■ REQUIRED ACTION:
Below are the records; extract from them the line containing "1861 y 2001 |" to the line containing "Ζεστάσου με το", both lines included, exactly and with no pictures.

■ DATA FOR ANALYSIS:
• • • • •

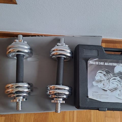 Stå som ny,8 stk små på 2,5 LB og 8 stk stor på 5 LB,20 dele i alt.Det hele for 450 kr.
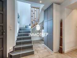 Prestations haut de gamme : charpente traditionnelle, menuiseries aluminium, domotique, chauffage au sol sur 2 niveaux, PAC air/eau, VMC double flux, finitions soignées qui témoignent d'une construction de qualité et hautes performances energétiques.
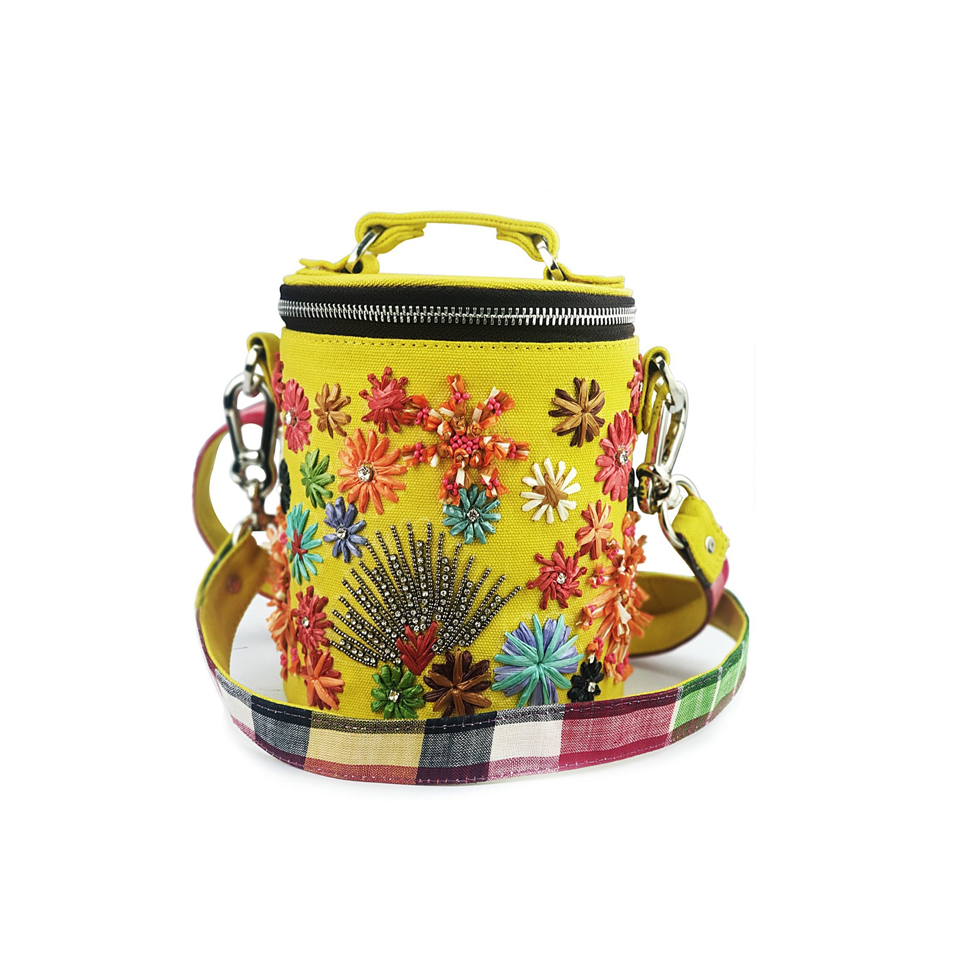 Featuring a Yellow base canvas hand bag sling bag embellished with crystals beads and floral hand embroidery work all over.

• • • • •

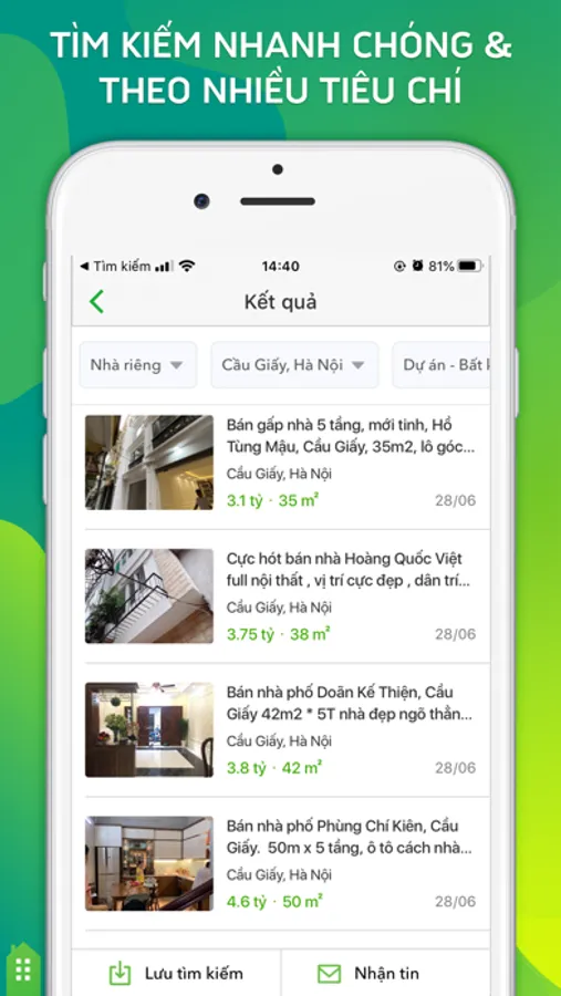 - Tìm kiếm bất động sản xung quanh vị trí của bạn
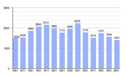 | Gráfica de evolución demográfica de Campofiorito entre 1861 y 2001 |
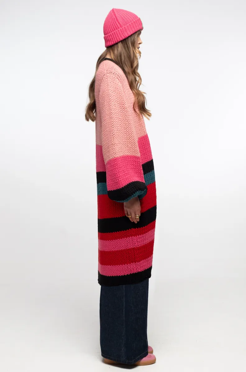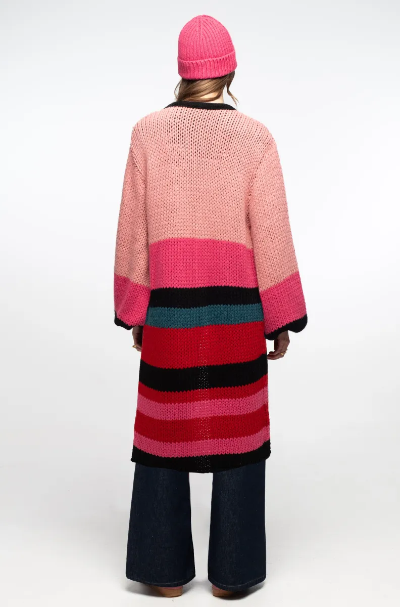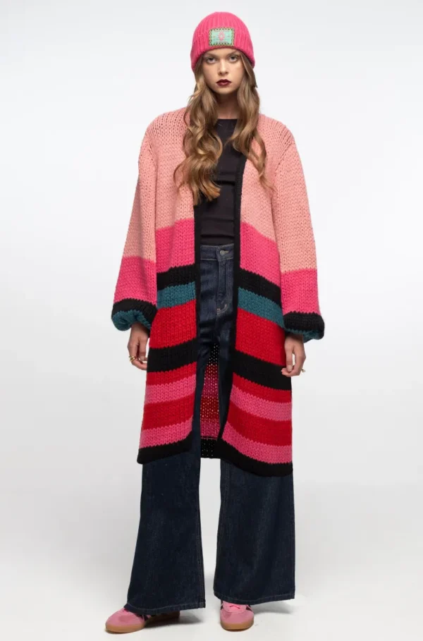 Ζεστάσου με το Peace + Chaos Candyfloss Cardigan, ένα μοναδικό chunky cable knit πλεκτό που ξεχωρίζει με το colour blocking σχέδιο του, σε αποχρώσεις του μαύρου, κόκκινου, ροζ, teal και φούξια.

• • • • •

■ RESULT OF THIS TASK:
 | Gráfica de evolución demográfica de Campofiorito entre 1861 y 2001 |
 Ζεστάσου με το Peace + Chaos Candyfloss Cardigan, ένα μοναδικό chunky cable knit πλεκτό που ξεχωρίζει με το colour blocking σχέδιο του, σε αποχρώσεις του μαύρου, κόκκινου, ροζ, teal και φούξια.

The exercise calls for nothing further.